The full version of the guided project is here. And the full code is present here on the GitHub.


This project is in continuation with Project – How to Deploy an Image Classification Model using Flask.

In this project, we would exclusively work towards improving the performance of that image classification app and bring down the time of execution to as low as nearly 0.3 seconds on an average.

So it is expected that you are already aware of the working of the code of the Project – How to Deploy an Image Classification Model using Flask.

  • Please do not delete the virtual environment as mentioned in the last step of that project since we will be considering that project as the very first step for that project.

Checking the Runtime

Q: What is the pain point of the previous project?


(1) The amount of time taken to predict the classes of an input image

  • We could see the amount of time taken to give out the predictions.
  • If we experiment it even with different images, we could observe that the average amount of time taken is around 10-21 seconds for each input image.
  • But this is a huge time which is not tolerable in real-time environments. Users expect the applications they use to be not only accurate in terms of functioning but also fast enough in terms of execution time.

(2) It is a monolith program, thus no flexibility

  • When there is a big service we generally call it monolith meaning, made out of a single stone.
  • When we make something from a single stone we can’t really break it into parts and separate it – we cannot make it modular, it cannot fit on multiple machines. For example, the deep-learning based service might be computation-intensive and thus it may require GPUs, while CPUs may suffice for the working of the web service since they may not require heavy computational resources like GPUs. Thus, breaking down the services based on necessities and resource consumption provide added advantages of optimal resource consumption(thus reducing the cost), modularisation of the code(and thus the services), scaling flexibilities, and isolation of the responsibilities of the team(ML engineer doesn’t need to bother about the work of software engineer and vice-versa, etc.)

Q: But what is causing the problem?

A: Re-execution of the code for each request due to the monolith programming style

  • Model and web server are coded in monolith style, so no flexibility.
  • Also, the same heavy model executions are repeating due to this style of programming.
  • The way works is this:
    • It is coded in a monolith programming style, by putting the flask server and the model loading/inference, all in the same file.
    • Each request from the user will be re-directed to the dedicated URL.
    • Each URL invokes that corresponding function in
    • Each time is in use, all the imports, and all the execution in that function invoked will be done from the beginning.
    • Though we want to use the same model each time we want predictions for different input images, the model is newly getting loaded for each request. This is costly, and thus it is time-consuming.

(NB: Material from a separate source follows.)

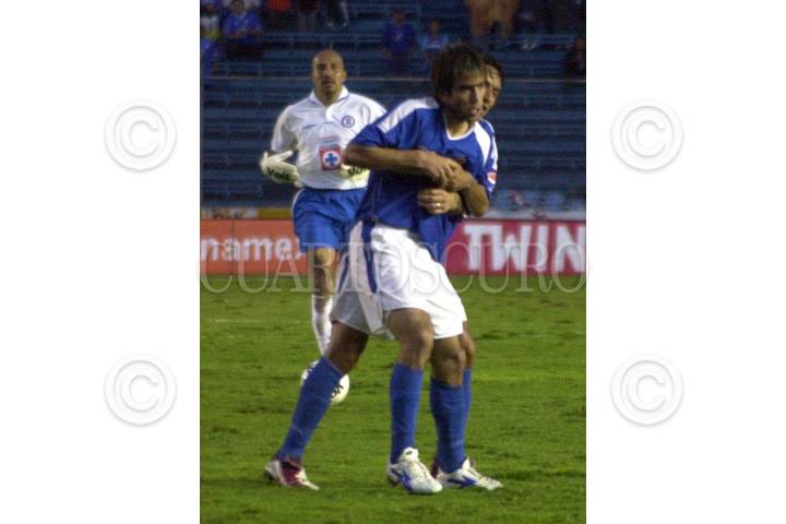 César Delgado, autor del gol de Cruz Azul, es calmado por sus compañeros luego de ser expulsado enmedio de la lluvia. La "Máquina" pierde frente a Jaguares de Chiapas con 3 goles por 1. FOTO: Juan Pablo Zamora/CUARTOSCURO.COM

Q: Then what could be a potential solution?

A: Construct the model once, and keep it ready-to-use in the RAM

  • Now that we understand that the problem is due to the monolith programming style and thus due to the costly process of loading the model repeatedly for each prediction request, we need to find a way where we could overcome the overhead caused by this step.
  • Java has static keyword, using which variables could be declared as static. These static members get loaded into the memory exactly once, ie. when that java class was loaded. And these members can be used by different threads.
  • But this method has a disadvantage: the service will not be scalable because the static variables remain on one computer, they are not in another, and so on so forth. So there are complications involved when you start using the static variables.
  • Also, Python doesn’t provide a static mechanism.
  • Hence, we now switch to such a way where we are going to partially use the static variable concept – but in a wiser way – where we make use of server-client architecture.

Q: So how is this project going to address the issue with execution time?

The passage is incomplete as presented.